One significant difference between the Kshatrya warriors of India and the Samurai of Japan is that women were commonly found as equals within the Kshatrya caste.

It is currently taught within the Zen sect of the Buddhist religion that the Vajramushti Master that instructed Bodhidharma (28th East Indian Patriarch of the Buddhist Faith) in the Martial Arts was a woman. Unfortunately no written records exist that confirm or deny her as his teacher. These teachings are based solely on word of mouth teaching, so unfortunately there will most likely never be irrefutable evidence to substantiate this.
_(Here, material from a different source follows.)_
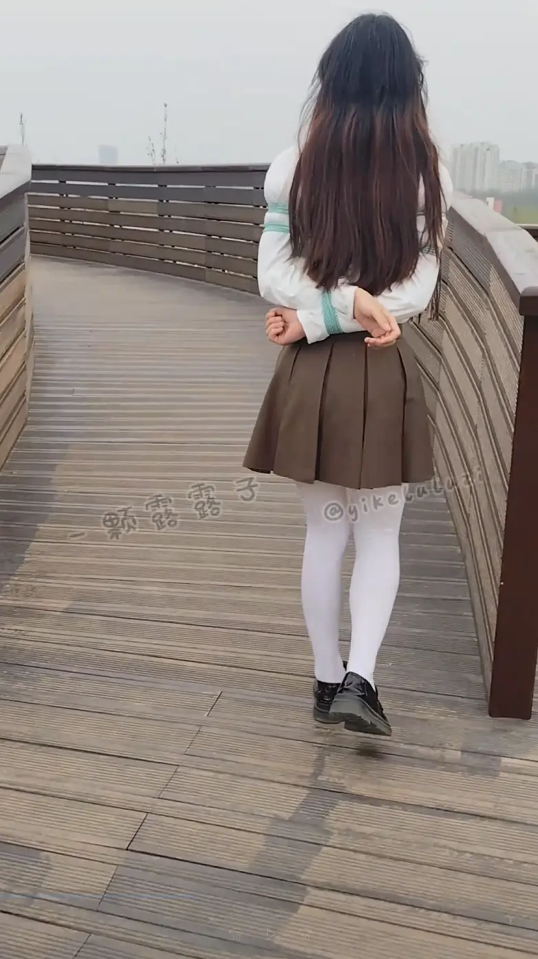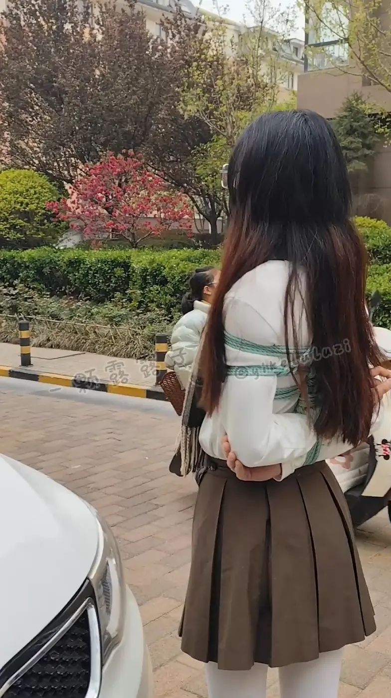 从公园回到车上也是没有披衣服,中间还遇到了公园巡逻保安,索性没有被发现。从公园玩爽了之后又把露露带到商场。多次和路人擦肩碰面,白丝短裙的回头率本身

One written work describing Vajramushti training written in the 4th Century AD states that students strengthened their hands by immersing their hands in milk, (an object of religious veneration in India) then repeatedly struck a marble slab with their knuckles. Many contemporary Martial Arts systems emphasize the training of the hands, and use of medicinal type treatments as aids in the strengthening process.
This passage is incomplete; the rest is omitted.